There were 35 cyclists who had completed all nine stages. For these cyclists, the points they received from each of their stage placing's were added up for the general classification. The cyclist with the least accumulated points was the winner.

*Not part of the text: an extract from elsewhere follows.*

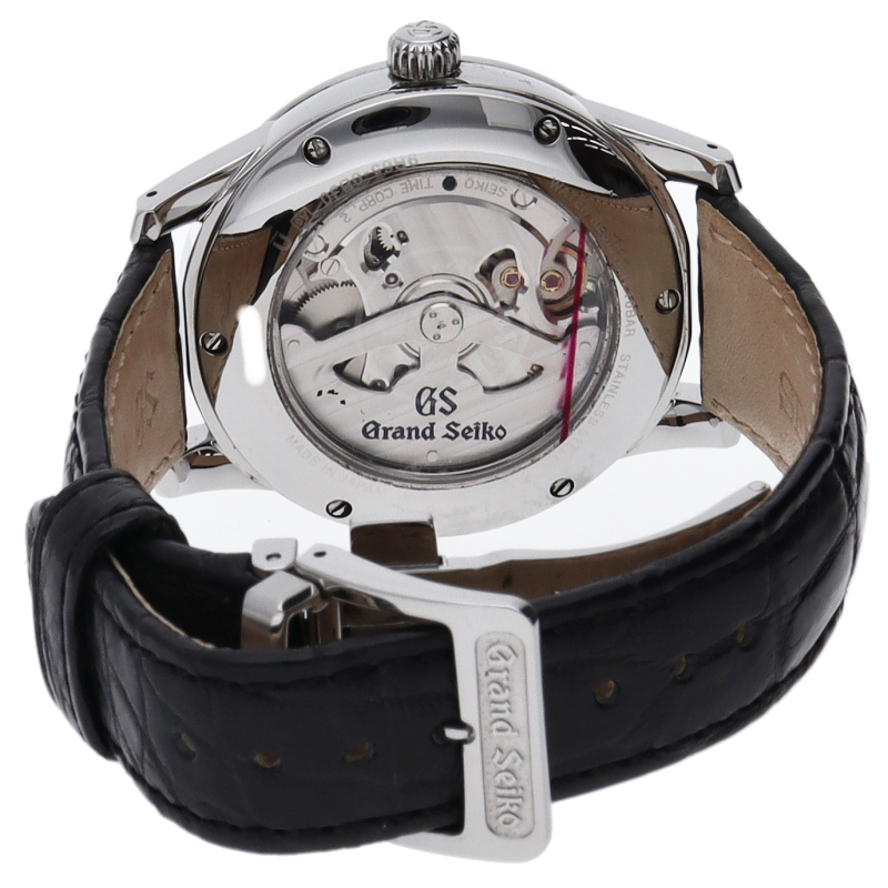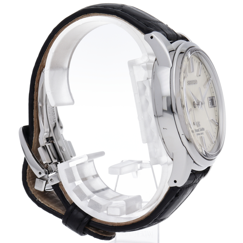 アイボリーダイアルとシルバーケースにクロコを組み合わせた格調高いグランドセイコーです。文字盤12時位置にブランドロゴを配置。裏蓋にはスケルトンバックを採用しています。スプリングドライブ9R65を搭載。SBGA093(8R65-0BJ0)
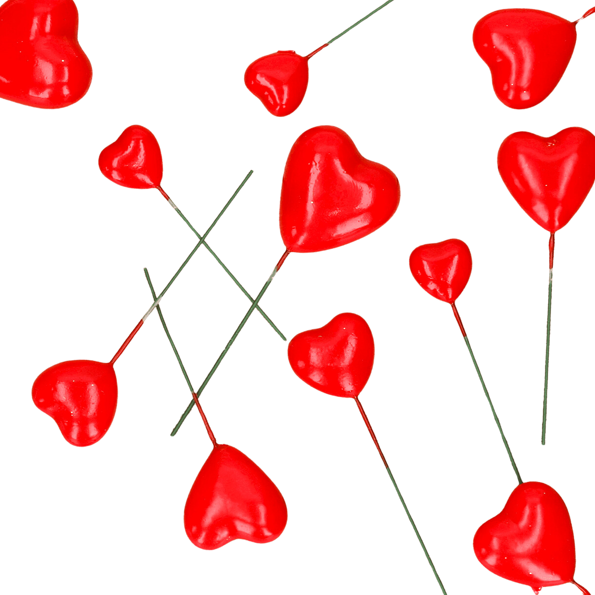 Serduszka na piku czerwone 20szt. mix rozmiarów- 2, 2.5, 3, 4cm

Final general classification (1–10)
| Rank | Name | Team | Point |
| 1 | Carlo Oriani (ITA) | Maino | 37 |
| 2 | Eberardo Pavesi (ITA) | Legnano | 43 |
| 3 | Giuseppe Azzini (ITA) | Otav | 48 |
| 4 | Pierino Albini (ITA) | Legnano | 61 |
| 5 | Luigi Ganna (ITA) | Ganna | 64 |
| 6 | Costante Girardengo (ITA) | Maino | 74 |
| Leopoldo Torricelli (ITA) | Maino |
| 8 | Giuseppe Contesini (ITA) | Globo-Dunlop | 81 |
| 9 | Giovanni Cervi (ITA) | Gerbi-Dunlop | 82 |
| 10 | Giovanni Rossignoli (ITA) | Globo-Dunlop | 89 |

Final general classification (11–34)
| Rank | Name | Team | Point |
| 11 | Ugo Agostoni (ITA) | — | 93 |
| 12 | Clemente Canepari (ITA) | Legnano | 97 |
| 13 | Michele Robotti (ITA) | Ganna | 99 |
| 14 | Camillo Bertarelli (ITA) | Ganna | 103 |
| 15 | Emilio Petiva (ITA) | — | 116 |
| 16 | Luigi Lucotti (ITA) | — | 120 |
| 17 | Lauro Bordin (ITA) | — | 123 |
| 18 | Luigi Azzini (ITA) | Otav | 127 |
| 19 | Giovanni Cocchi (ITA) | Otav | 130 |
| 20 | Giovanni Casetta (ITA) | Goericke | 131 |
| 21 | Emilio Cucchetti (ITA) | Globo-Dunlop | 132 |
| 22 | Natale Bosco (ITA) | — | 134 |
| Gino Brizzi (ITA) | — |
| 24 | Domenico Cittera (ITA) | — | 135 |
| Alfredo Sivocci (ITA) | — |
| 26 | Luigi Molon (ITA) | — | 138 |
| Mario Bonalanza (ITA) | — |
| 28 | Giovanni Roncon (ITA) | — | 139 |
| 29 | Giuseppe Bonfanti (ITA) | — | 143 |
| 30 | Umberto Ripamonti (ITA) | — | 147 |
| 31 | Giovanni Bassi (ITA) | — | 149 |
| Oreste Locatelli (ITA) | — |
| 33 | Mario Secchi (ITA) | — | 157 |
| 34 | Alfredo Corti (ITA) | — | 158 |
| Mario Lonati (ITA) | — |

===Isolati rider classification===

There was a classification for only the isolati riders that was called the "Premio Momo," it was calculated in the same manner as the general classification.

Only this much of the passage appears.